Ceyhun Enki Aksan Entrepreneur, Maker

Jan 25, 2025

TL;DR

Fetch content from R using WordPress REST API + Application Passwords. Make API calls with httr2, manipulate data with tidyverse. List draft, publish, pending content and analyze them.

Component	Tool/Method
API Client	`httr2::request()`
Authentication	Application Passwords
Data Processing	`tidyverse` (tibble, dplyr)
Endpoint	`/wp-json/wp/v2/posts`
Max Per Page	100 (pagination required)

WordPress sites often accumulate content in various states due to multiple authors, AI-assisted content creation, and editorial workflows. Drafts, scheduled posts, orphan pages… Regular tracking is critical for content strategy health.

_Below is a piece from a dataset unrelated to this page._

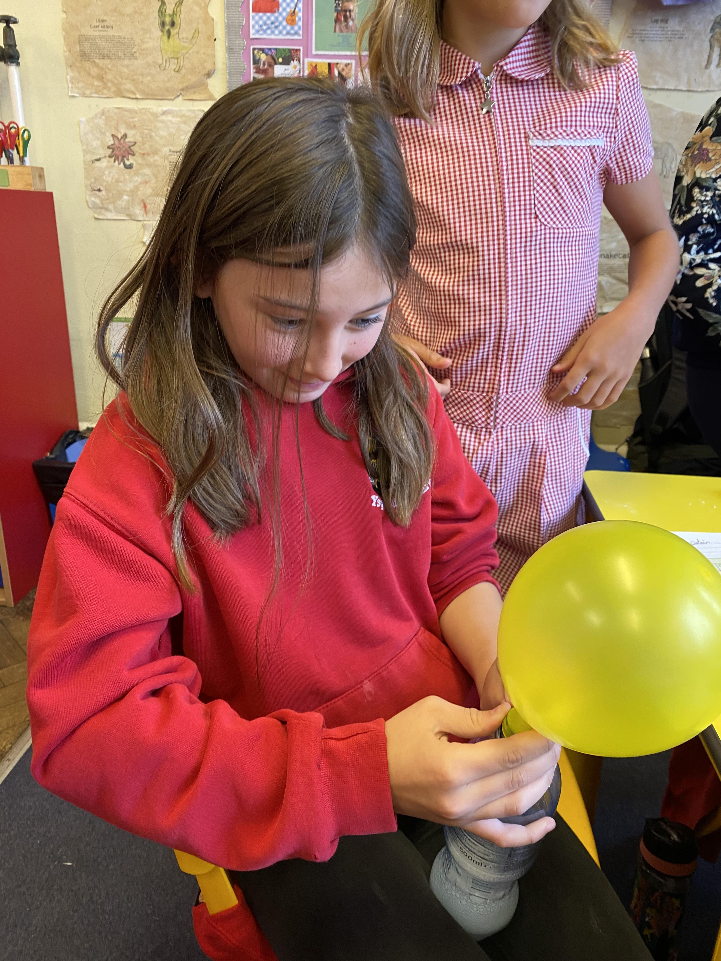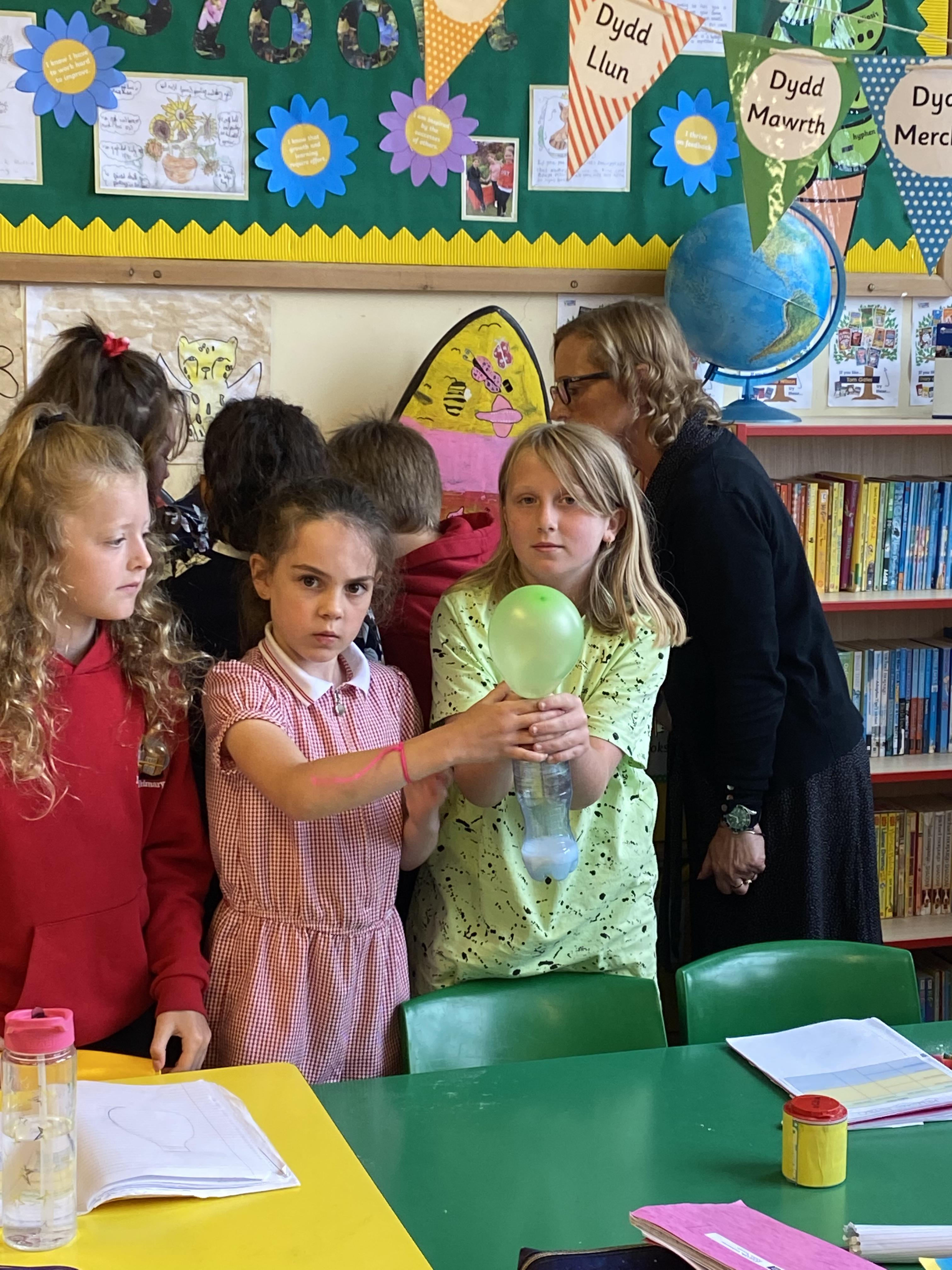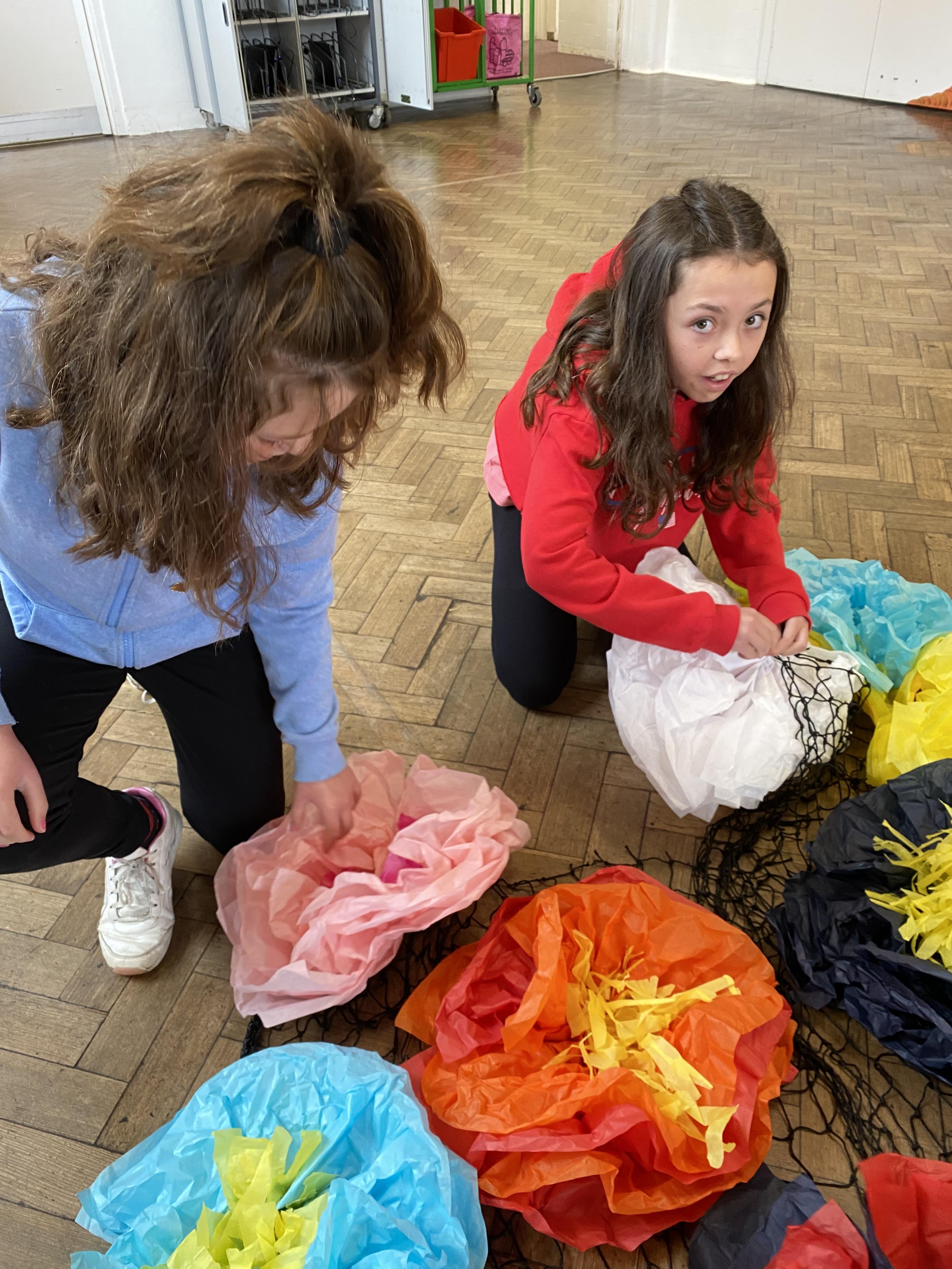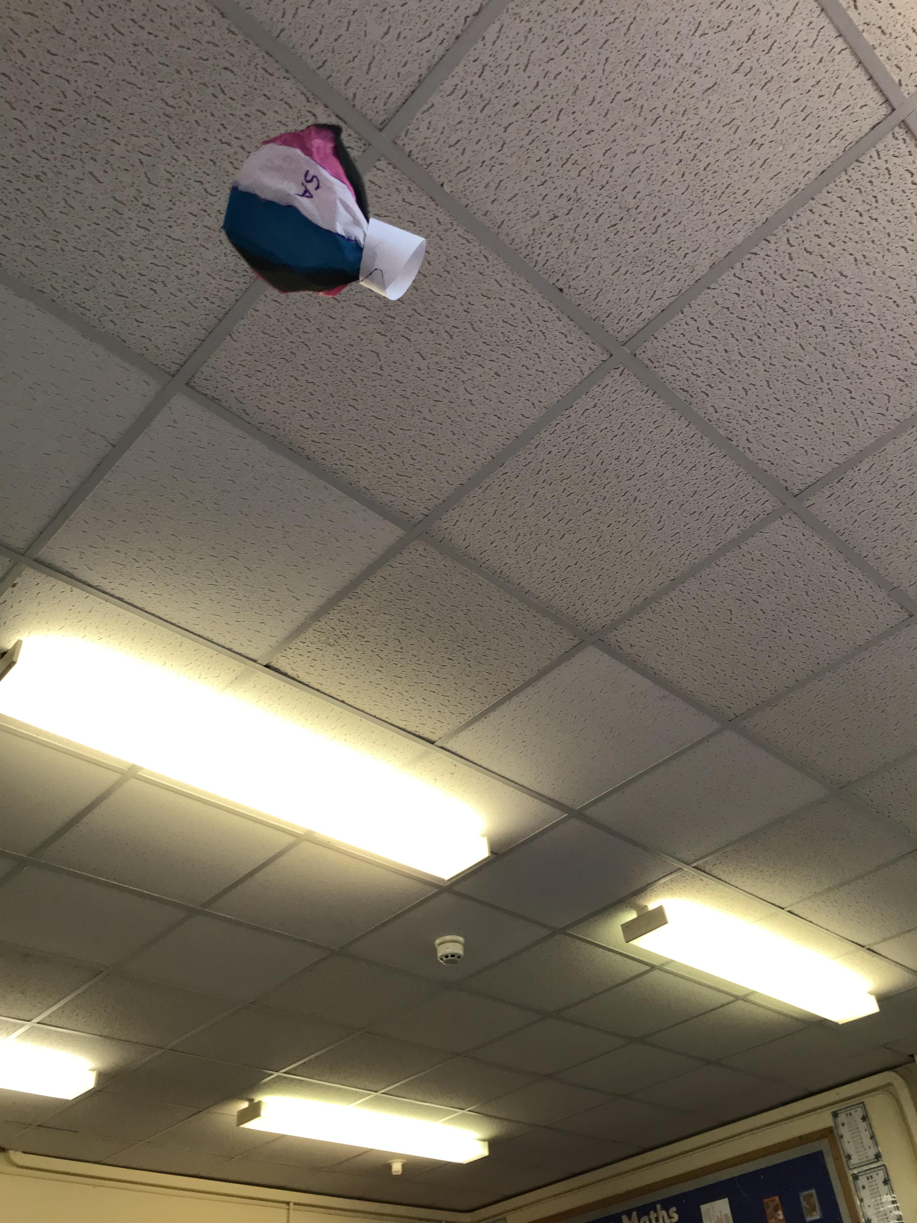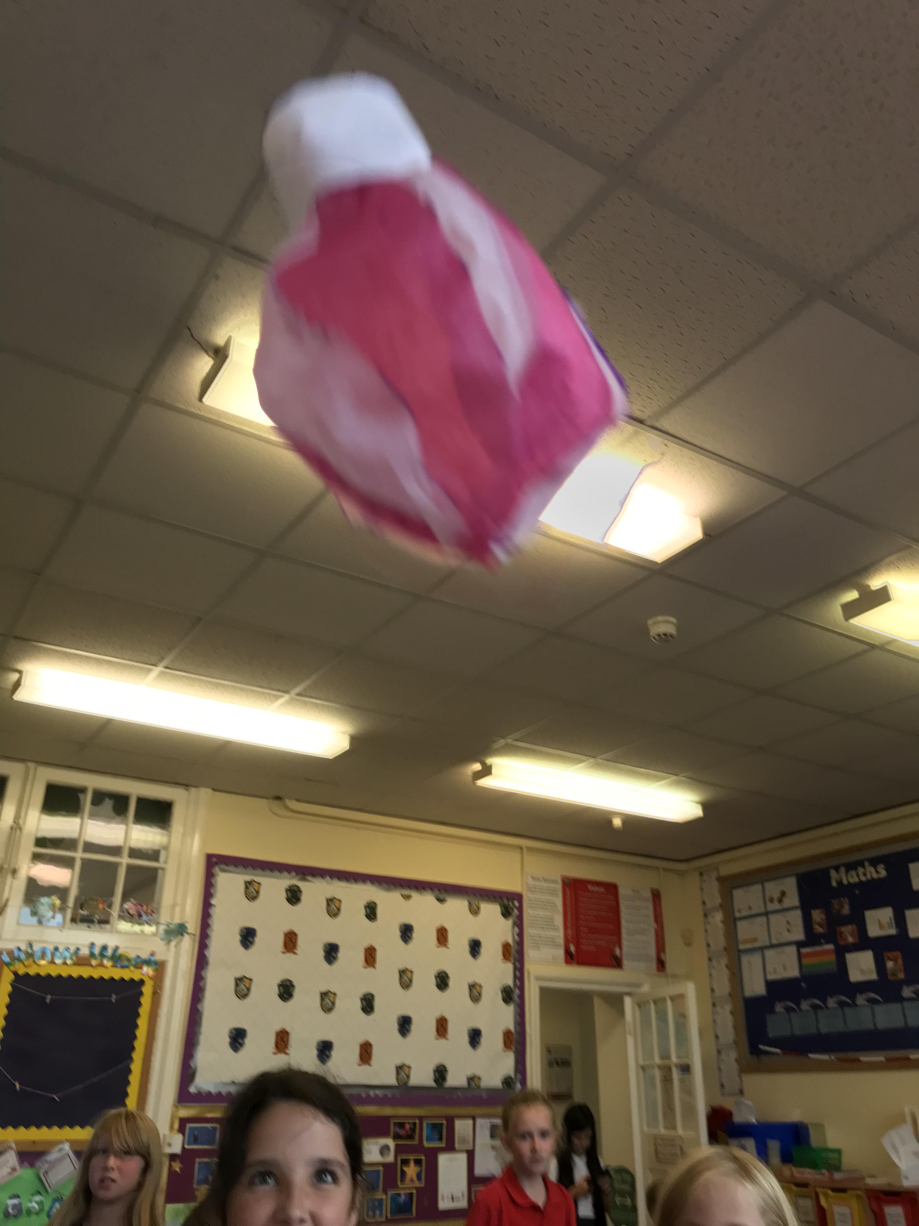 We made some hot-air balloons out of crepe paper, then used a hair dryer to heat up the air inside them

In this post, I’ll explain how to list and perform basic analysis on your WordPress content using R.

tip

For advanced analysis and an interactive dashboard, check out the R Shiny Content Intelligence Dashboard post.

Requirements

# Package installation
install.packages(c("httr2", "tidyverse", "jsonlite"))

library(httr2)
library(jsonlite)
library(tidyverse)

WordPress REST API Connection

REST API is enabled by default in WordPress 4.7+. We’ll use Application Passwords for authentication (WordPress 5.6+).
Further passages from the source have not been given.